Indonesia regulators are voicing concerns over rising illegal loans amid a flurry of online lending activities, signalling measures to step up supervision of the sector.
Unregulated borrowings in Indonesia have outstripped that of their legal counterparts. Turnover of illegal online loans in Indonesia is estimated, according to a study by the Indonesian Joint Funding Fintech Association ( AFPI ), at 230 trillion rupiah ( US$14.3 billion ) to 260 trillion rupiah.
That’s three times, according to the Indonesian Financial Services Authority, the registered peer-to-peer ( P2P ) lending of 80.94 trillion rupiah record in June.
Although the country recorded a legal loan uptick since February, it has been offset by the burgeoning growth of unregistered lending platforms backed by compelling promotions and the readily available capital, despite concerns about unethical debt collection practices and potential violations of personal data.

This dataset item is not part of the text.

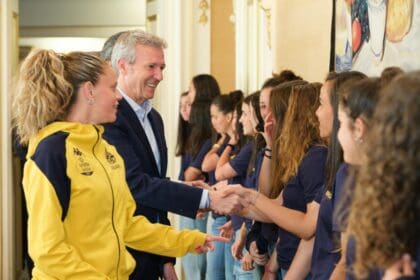 Jugadoras y técnicas del Deportivo Abanca, que ayer ascendieron a primera división, fueron recibidas por Alfonso Rueda
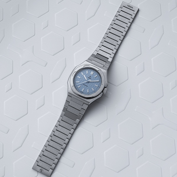 【Wristmaster Traveller】ブレスレット一体型を装備したイエマのアイコンモデル、リストマスタートラベラーがハニカムダイアルに洗練されたスティール製アプライドマーカーと針の装いも新たにドレッシーなコレクションとして再登場。快適な着け心地とエレガントな外観で日常使いのできるスポーツウオッチです。

The robust growth of illegal lending is also due to the tight liquidity among banks, paired with a cautious lending approach among licensed lenders. Banks surveyed by CGS International indicate higher rejection rates and increased down payment applied to auto loans, signalling further decline in banks’ consumer credit business.
Regulators, therefore, are doubling down on their effort to combat unauthorized lending.
In addition to the 1,100 online lending entities eliminated during the first five months of 2025 by the Indonesian Financial Services Authority ( OJK ), the AFPI and the Ministry of Communication and Digital Affairs state, during a recent public discussion held at the Centre of Economic and Law Studies in Jakarta, that they are seeking to shorten the takedown process of unauthorized lenders without the approval of the OJK.
As well, the government has consolidated the data protection law to cover the lending sector.
To balance the lending risk, the OJK has also implemented regulatory changes on P2P lending, with tightened oversight on their minimum capital, equity, liquidity and non-performing loan requirements.
And the central bank has lifted the reserve requirement on banks to ease the liquidity burden to provide flexibility for consumer credits.